Nowadays, when we talk about Walt Disney & co., the staggering namesake multinational company quickly resurfaces in our minds, the sly merchandising, various puppets and figurines, the laughable TV series that led to the success of "icons" like Miley Cyrus, the Jonas Brothers... basically, the entire commercial-capitalistic circus that arose from a simple, trivial scribble of an anthropomorphized rat and evolved over eighty years with additional assorted characters, feature films, great classics, fairy tale adaptations, and today's wonder factory oscillating between Duckburg, McDonald's, and the Disneyland Resorts of Paris and Orlando. Yet, at least during the earthly existence of the excellent Walt, one could perceive the authentic genuineness, basic, lucid, sober, and natural of Mickey Mouse and his cartoon friends, although already confined within the seminal corporation willed by the patron. Cinema was not a bland product of unbridled entertainment, 3D, the glasses, and the digital-real virtuality were not even nesting in the most remote and "Kubrickian" neurons of the most ardent and resolute utopians. Cartoon also meant learning, lesson, teaching: a simple and very straightforward alternative to the inkwell and the beech desk where the hero of the moment who saves the world and fulfills the enchanted princess's dream puts away sequins and magic wands and addresses the young viewer, acting as a "teacher" with the same dose of sympathy and humor as the great feature films.

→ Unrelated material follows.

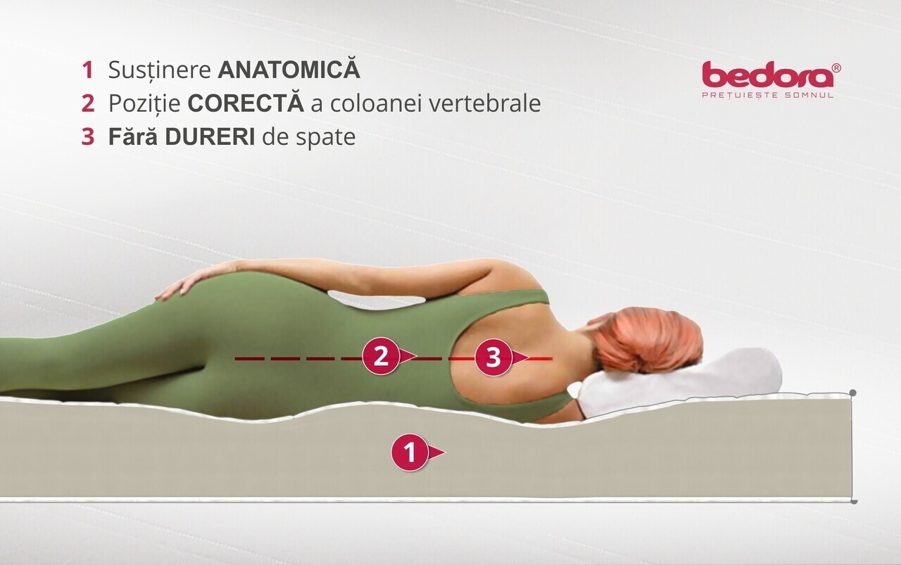 Recomandat pentru toate pozitiile de dormit: dormit pe spate, lateral, abdomen;

According to me (and not only me), the character of Donald Duck is far more compelling than the "rodent" counterpart: much less amiable and benevolent than dear Mickey Mouse, with that touch of ironic and satirical politically-incorrect, our Donald is probably the Disney character who best manages to combine seriousness, topicality, and comedy, forging a perfect mix of balance and sincerity, albeit "animated". He fully demonstrates this, for instance, in Donald in Mathmagic Land, a short film for educational and cognitive purposes that attempts to introduce all Disney fans to mathematics, a sort of audiovisual aid to textbooks and abacuses that could remain relevant even in the 2.0 reality of Facebook.

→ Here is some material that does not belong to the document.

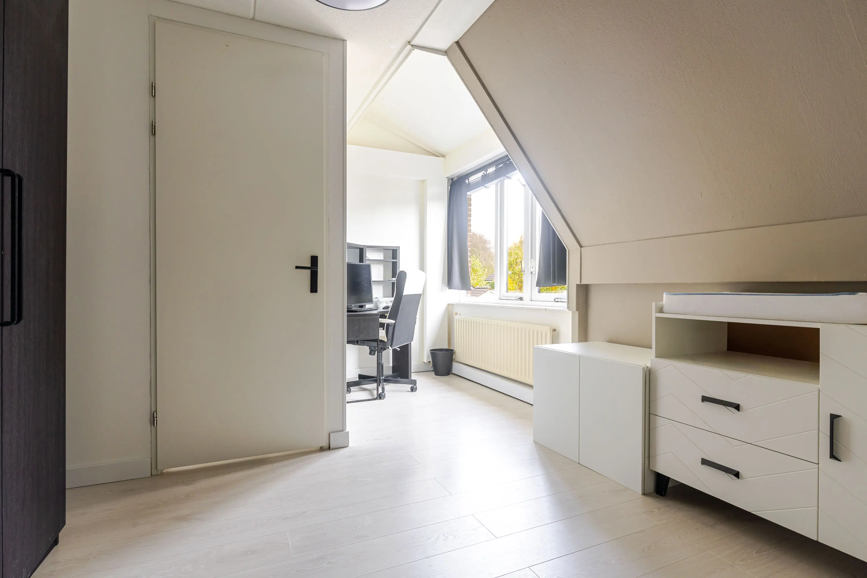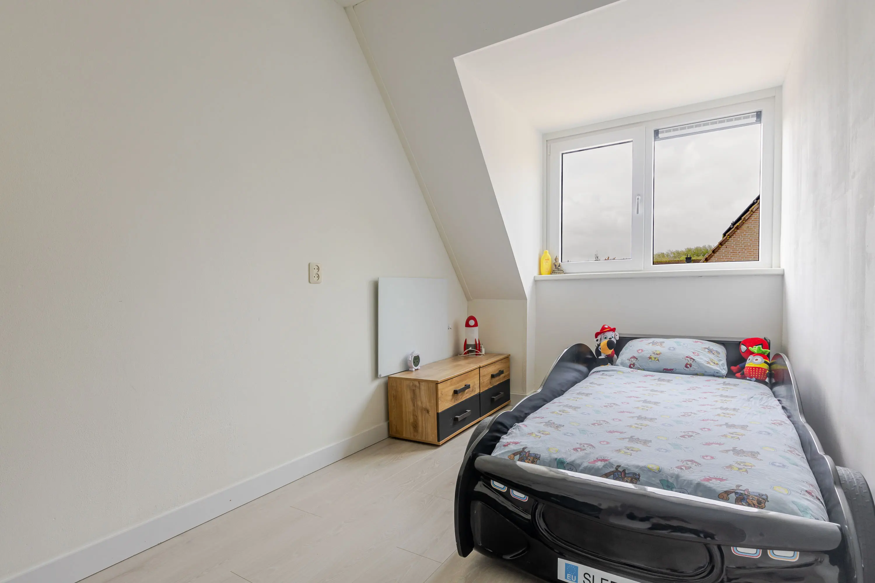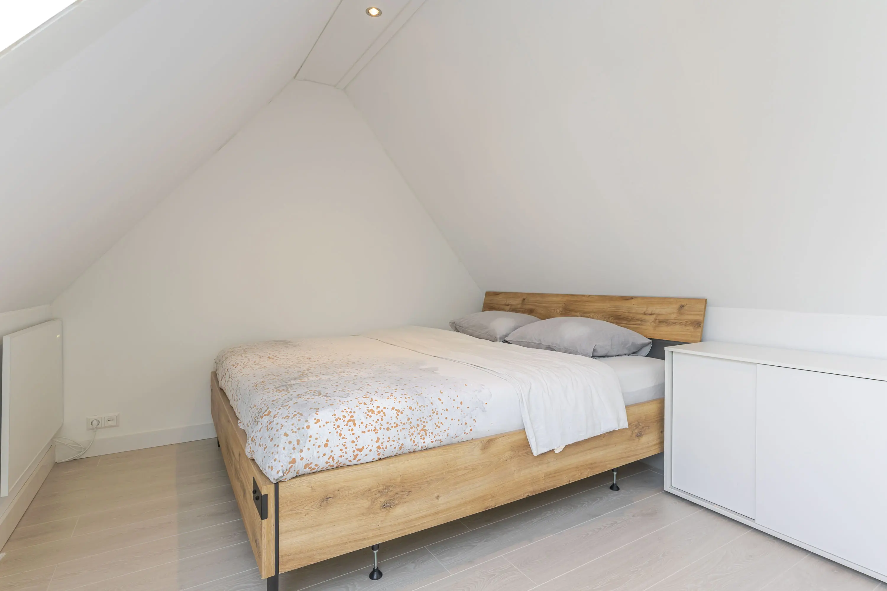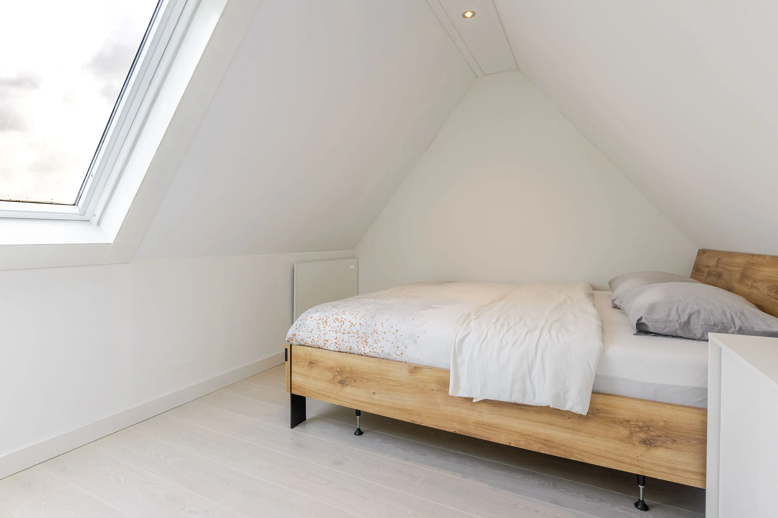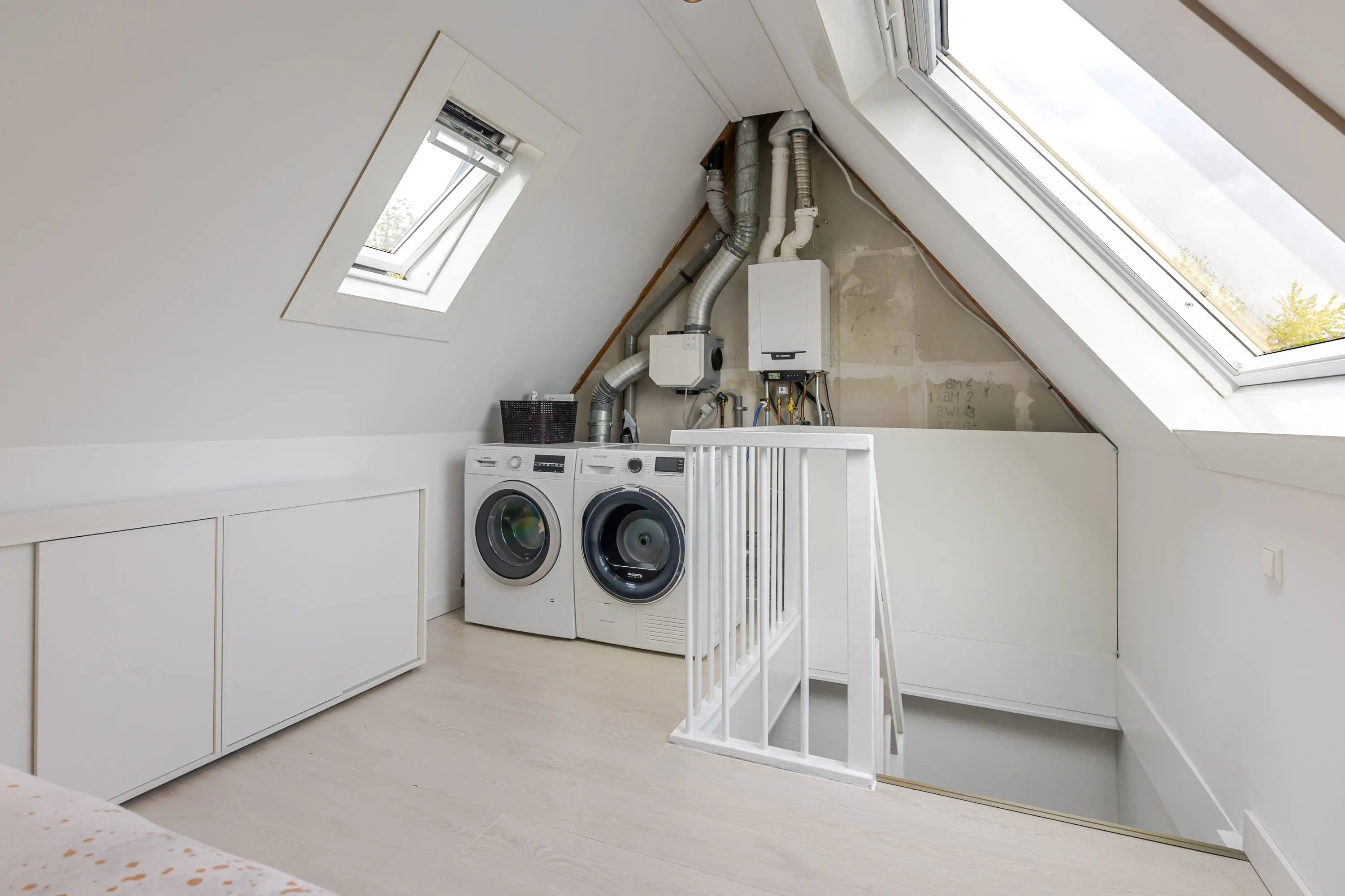 Op de voorzolder is plaats voor de wasmachine en droger en door de dakramen is er een lichte derde slaapkamer gerealiseerd.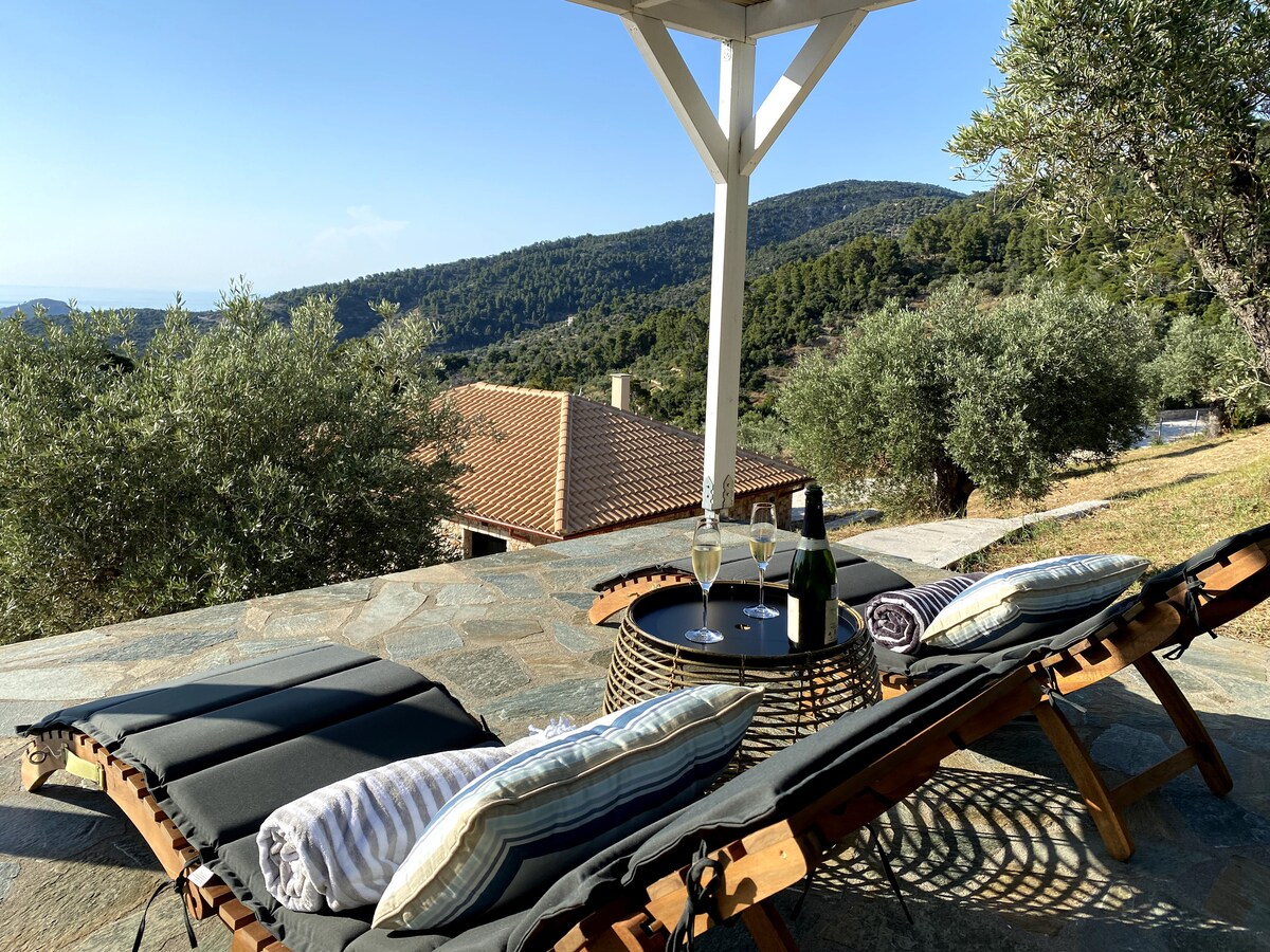 Tucked away in a private 4,000 m² olive grove with views of Skopelos town and the Aegean Sea, Apomero Cottage offers peaceful seclusion just a 15-minute walk from town. Once used during olive harvest season, the cottage blends traditional Greek island architecture with modern comfort. It consists of two buildings: one with a bedroom and bathroom, and another with a living room, second bathroom, and a sheltered, fully equipped kitchen and dining area. An organic vegetable garden is also a plus.

In this (master)piece, Donald, in the guise of a pseudo-poacher armed with a gun and a safari hat, enters a forest of numbers, living pencils playing tic-tac-toe, cascades of multiplication tables, and geometrically squared stones. Feeling lost in such a bizarre location, he is aided by the spirit of adventure who dissuades him from abandoning the "forest" of calculations, which the duck deemed "stuff for nerds." The first step of this learning is Ancient Greece, where Donald explores the Pythagorean relationship between music and mathematics and becomes a member of the Pythagorean Brotherhood; subsequently, the discussion shifts to the five-pointed star, the golden section, the golden rectangle, and their related consequences in classical, medieval, and modern art, as well as in nature. Again, it moves to games, with the mathematical-geometric rules for chess, baseball, rugby, billiards, and carom. Finally, the mind as an extraordinary propeller for theoretical abstraction that, starting from forms and assumptions, realizes the most fascinating engineering. Under the impetus of the investigative spirit and the resolute mathematics, the "doors" of the future can thus be opened.

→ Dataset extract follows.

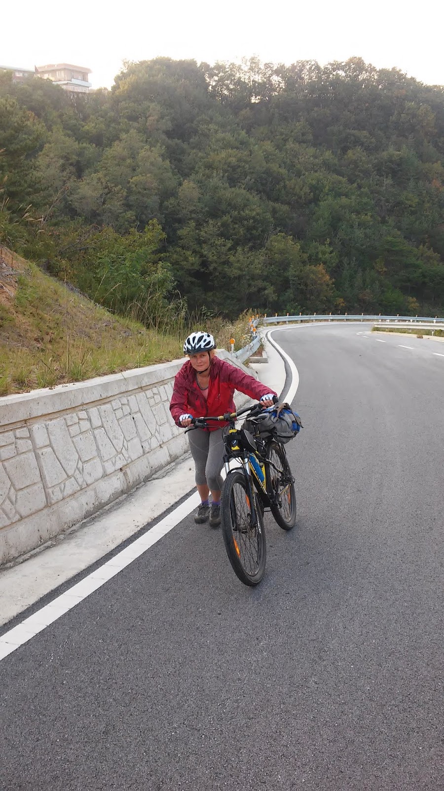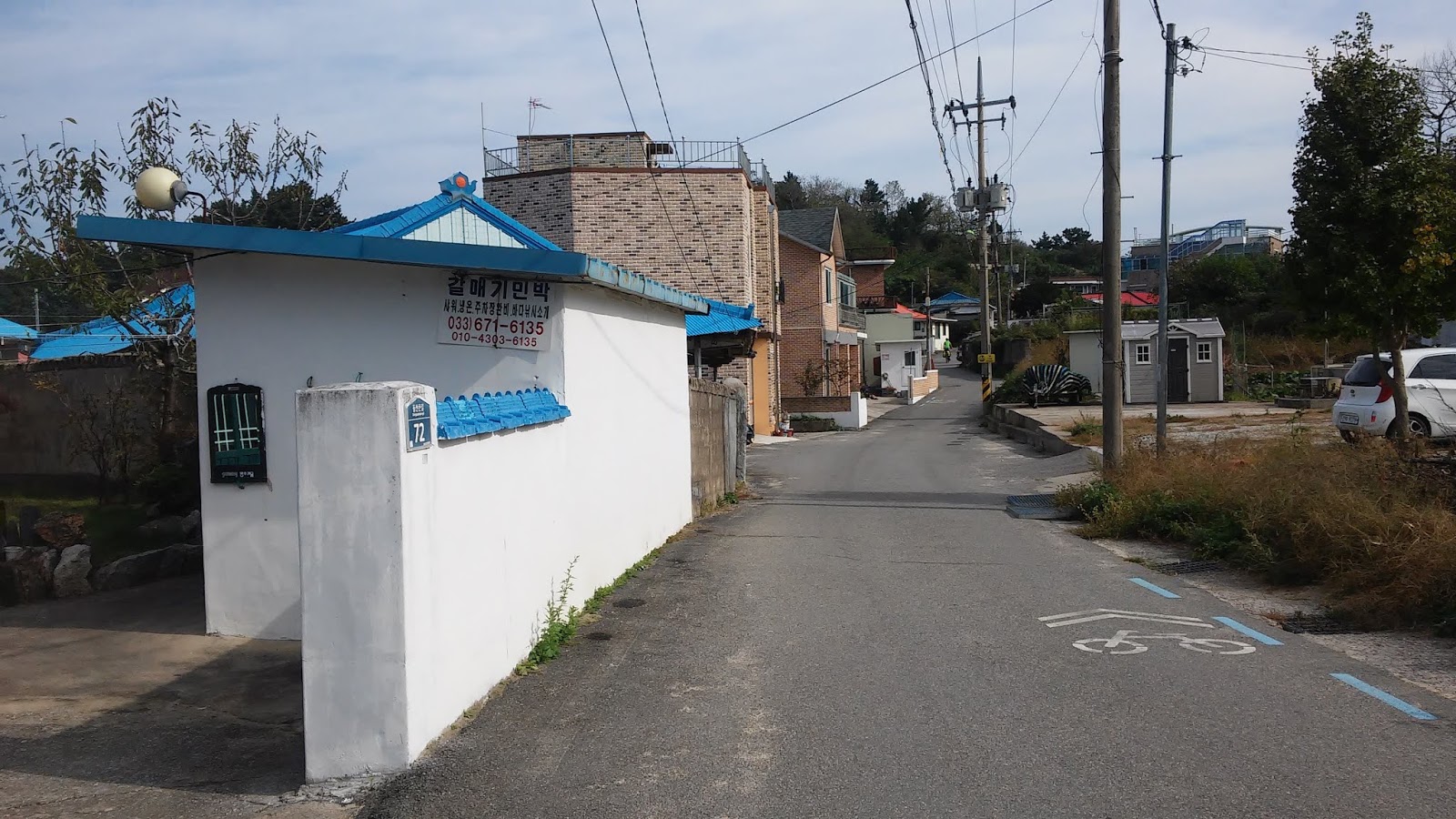 Перед последним перевалом закончилась Романическая дорога. И крутым подъемом началась новая, еще не открытая официально велодорога до Пусана. После этого перевала ехать дальше не было ни сил, ни желания. А совсем рядом, прямо на берегу, очень заманчиво пристроился нарядный пансиончик. Эх, 70 тыс за ночь. Такие расходы несколько не вмещались в наш бюджет. Но в итоге тяга к комфорту победила и мы остались.

Donald and mathematics: irrationality tempered and resized by rationality, the animal becoming intelligent and a proponent of ideas, concepts, and fantasies: here's Disney of the "real" cartoon applying his creations to educational learning, to everyday utility, to the science of yesterday, today, and tomorrow. Anyone devoid of judgments and evaluations a priori, cannot help but endorse the ardent splendor of the "golden age" without too much embellishment and digital-virtual convolutions, dense with real intentions.

From here, a faint tear for the good old times (gone) by. Au Revoir.